Wednesday, December 20, 2006

JAX-WS, WSDL and Tools

I've mentioned that I'm looking at Celtix's Open-Source ESB. One thing you notice right off the bat is the incorporation of the new JAX-WS standard. Annotations in particular make it much easier to expose an existing java service as a web service or create a new one as a web service.

Here is an example -

Interface Definition

package pgn.objects.wsdl.full.devservices.customerrequest.ver1;

import javax.jws.WebParam.Mode;
import javax.jws.WebParam;
import javax.jws.WebService;
import javax.jws.soap.SOAPBinding.Style;
import javax.jws.soap.SOAPBinding;
import javax.jws.WebMethod;
import javax.jws.WebResult;

* This class was generated by the CXF 2.0-M1-IONA
* Wed Dec 13 15:45:39 EST 2006
* Generated source version: 2.0-M1-IONA

@WebService(wsdlLocation = "file:/C:/IONA/samples/service_creation/customerinfo/wsdl/
customerrequestver1.wsdl", targetNamespace = "urn:pgn:objects:wsdl:full:devservices:customerrequest:ver1", name = "customerrequestPT")
@SOAPBinding(parameterStyle = SOAPBinding.ParameterStyle.BARE, use = SOAPBinding.Use.LITERAL, style = SOAPBinding.Style.DOCUMENT)

public interface CustomerrequestPT {

@SOAPBinding(parameterStyle = SOAPBinding.ParameterStyle.BARE)
@WebResult(targetNamespace = "urn:pgn:objects:xmlschema:messagetypes:devservices:
customerrequest:ver1", partName = "CreateCustomerResponse", name = "CreateCustomerResponse")
@WebMethod(operationName = "getCustomerRequest")
public pgn.objects.xmlschema.messagetypes.devservices.
CustomerResponseType getCustomerRequest(
@WebParam(targetNamespace = "urn:pgn:objects:xmlschema:messagetypes:devservices:
customerrequest:ver1", partName = "CreateCustomerRequest", name = "CreateCustomerRequest")
CustomerRequestType createCustomerRequest

The annotations defined the communication style and structure that match what is in the WSDL.

An excerpt of the implementation of the Interface
package pgn.objects.wsdl.full.devservices.customerrequest.ver1;

import pgn.objects.wsdl.full.devservices.customerrequest.ver1.
import pgn.objects.xmlschema.messagetypes.devservices.
import pgn.objects.xmlschema.messagetypes.devservices.
import java.util.*;

@javax.jws.WebService(serviceName ="CustomerRequest", portName = "customerrequestPort", endpointInterface ="pgn.objects.wsdl.full.devservices.customerrequest.ver1.CustomerrequestPT", targetNamespace ="urn:pgn:objects:wsdl:full:devservices:customerrequest:ver1") = "")

public class Customer extends Thread implements
CustomerrequestPT {
CustomerRequestType requesttype;
CustomerAccountType accountinfo;
String programname;
Notice the two annotations.
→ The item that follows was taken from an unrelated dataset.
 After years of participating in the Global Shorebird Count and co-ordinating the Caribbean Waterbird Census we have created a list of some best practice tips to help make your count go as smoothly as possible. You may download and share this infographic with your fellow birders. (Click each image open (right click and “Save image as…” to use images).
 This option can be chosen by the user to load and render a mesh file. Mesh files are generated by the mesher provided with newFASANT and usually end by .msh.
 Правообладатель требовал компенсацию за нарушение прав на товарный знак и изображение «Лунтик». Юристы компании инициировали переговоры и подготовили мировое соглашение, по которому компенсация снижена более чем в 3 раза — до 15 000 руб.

That's really it for exposing this as a Web Service. Now for the important part. The interface was auto generated by some of the bundled tools in the Celtix distribution. It is important to note that the implementation interface was generated from the WSDL (which was written first) and not vice versa.
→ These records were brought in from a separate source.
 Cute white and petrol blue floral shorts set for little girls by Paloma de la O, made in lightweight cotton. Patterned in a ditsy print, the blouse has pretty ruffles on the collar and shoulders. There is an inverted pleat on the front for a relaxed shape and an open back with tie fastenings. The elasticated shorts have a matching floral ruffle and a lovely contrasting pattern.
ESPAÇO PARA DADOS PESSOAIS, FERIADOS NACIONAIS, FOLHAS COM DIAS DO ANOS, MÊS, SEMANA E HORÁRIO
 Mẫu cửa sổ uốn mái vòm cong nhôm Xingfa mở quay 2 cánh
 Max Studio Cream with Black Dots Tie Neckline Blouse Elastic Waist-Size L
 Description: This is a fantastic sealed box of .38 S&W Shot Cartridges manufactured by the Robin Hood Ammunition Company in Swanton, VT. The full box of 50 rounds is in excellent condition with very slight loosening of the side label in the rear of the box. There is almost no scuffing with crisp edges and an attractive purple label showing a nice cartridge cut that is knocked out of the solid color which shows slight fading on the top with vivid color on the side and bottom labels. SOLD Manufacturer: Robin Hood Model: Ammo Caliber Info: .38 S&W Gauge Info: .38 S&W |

Joe Mckendrick points out that tools can make it easy to generate your interface definition (WSDL) from an existing implementation. I think the generally accepted best practice is to develop the WSDL and XML Schemas first. Hopefully following that approach will lead to a less brittle interface that has the right granularity. It should also help reduce the potential number of interoperability issues that can arise from auto-generation of Web Services from existing code.

As far as Celtix goes, if you are looking for an Open-Source ESB to mess around with, I have found Celtix's to be straight forward to work with so far. I haven't really done anything over than some content based routing tests and fail-over routing.